In another embodiment the metal nanoparticles are incorporated in the lumen of a vesicle. In this embodiment the vesicle functions merely as a shell around the matrix lumen comprising the nanoparticles, the composition of the material of the shell has no influence on the distribution of the metal nanoparticles and can be of any of the before mentioned constituent but can be also of protein nature.
In another embodiment the metal nanoparticles are localized on the outer or inner surface of the vesicle wall.
In another embodiment the metal nanoparticles are incorporated in both the wall of a vesicle and the lumen of a vesicle.
Thus depending on the localization of the metal nanoparticles, the lumen and/or the wall of the vesicle are the matrix particle according to the nomenclature of the present invention.
Matrix components may contain reactive functional groups such as amine, active ester, alcohol, thiol and carboxylate. Such functional groups may be used to attach onto the surface of the matrix particles biologically active molecules, especially bio-target specific agents. Suitable bio-target specific agents may be cell-, microorganism-, e.g. parasites such as nematodes or bacteria-, organ- or tissue specific molecules such as peptides or proteins, or antibodies or fragments thereof. Included within the term bio-target specific agents are molecules or functional groups directed at a specific foreign and/or toxic agent. The matrix may also comprise molecules affecting the charge, lipophilicity or hydrophilicity of the particle or its ability to enter through a cell membrane.
Depending on the envisaged application, the matrix component of the particles of the present invention is biodegradable in order to fragment the matrix into particles which can be secreted by the kidneys. In general the matrix component preferably remains intact for at least 30 minutes in order to allow the targeting to and imaging of an organ or diseased site. In particular embodiments, e.g. when using toxic metals, the matrix is heterogeneous, wherein the metal nanoparticles resides in a first material, e.g. coating, which is not biodegradable or degrades with a slow rate, said first material being associated with a second matrix material with a higher degradation rate. This allows the decomposition of the matrix particle to a size wherein the fragments of the first material are secreted by the kidney prior to the release of the metal nanoparticle from the first material.
A particular embodiment of the present invention relates to matrix particles, which are targeted to a particular organ or tissue. This can be achieved by attaching to the surface of the matrix particle a tissue or organ-specific molecule. One such molecule is an antibody, directed against an organ or tissue-specific antigen. For instance, such antibody can be a polyclonal or monoclonal antibody specific for a tumor-associated antigen or antimyosin. Non-limiting examples of polyclonal or monoclonal antibodies which can be used for conjugation include, especially, those that are principally directed at antigens found in the cell membrane. For example, suitable for the visualization of tumors are polyclonal or monoclonal antibodies per se, and/or their fragments (Fab, F(ab)₂), which are directed, for example, at the carcinoembryonal antigen (CEA), human choriogonadotrophin (.beta.-hCG) or other antigens found in tumors such as glycoproteins. Antimyosin, anti-insulin and antifibrin antibodies and/or fragments, inter alia, are also suitable. Alternatively, the molecule is a ligand for a receptor with a tissue-specific expression pattern. In the context of the present invention the term ‘cellular marker’ is used to refer to any molecule, which allows the identification of a specific cell, cell-type, tissue, type of tissue, organ or type of organ.

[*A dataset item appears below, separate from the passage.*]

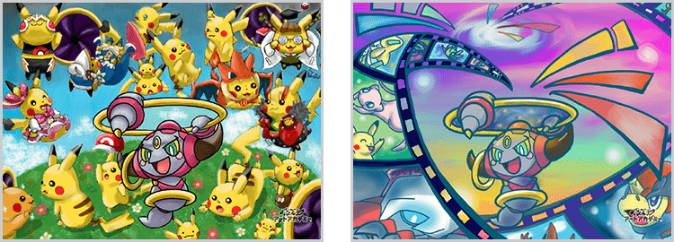 Come è possibile notare, tutti i lavori presentano il disegno del Pokémon protagonista del film in primo piano, mentre lo sfondo e la colorazione sono molto variabili. I disegni inviati per il concorso sono stati tantissimi e tutti sono stati esaminati dalle persone che hanno lavorato al film e dall’editor del magazine che ha lanciato il concorso su Hoopa.

A further particular embodiment of the present invention relates to matrix particles, which are coated with a biologically or therapeutically active agent such as a drug or wherein the agent, e.g. drug, is encapsulated in the matrix, for use as drug-delivery agents or for combined diagnostic and therapeutic use Therapeutic agents can be selected over a wide range of drugs and are determined by the therapeutic target.
Optionally the matrix particles are further coated with a material that provides them with a hydrophilic coating to minimize the uptake of blood components and/or a steric barrier to particle-cell interaction, in order to minimize uptake by the liver. An example of such a material is the block copolymer known as tetronic 908 (U.S. Pat. No. 4,904,497).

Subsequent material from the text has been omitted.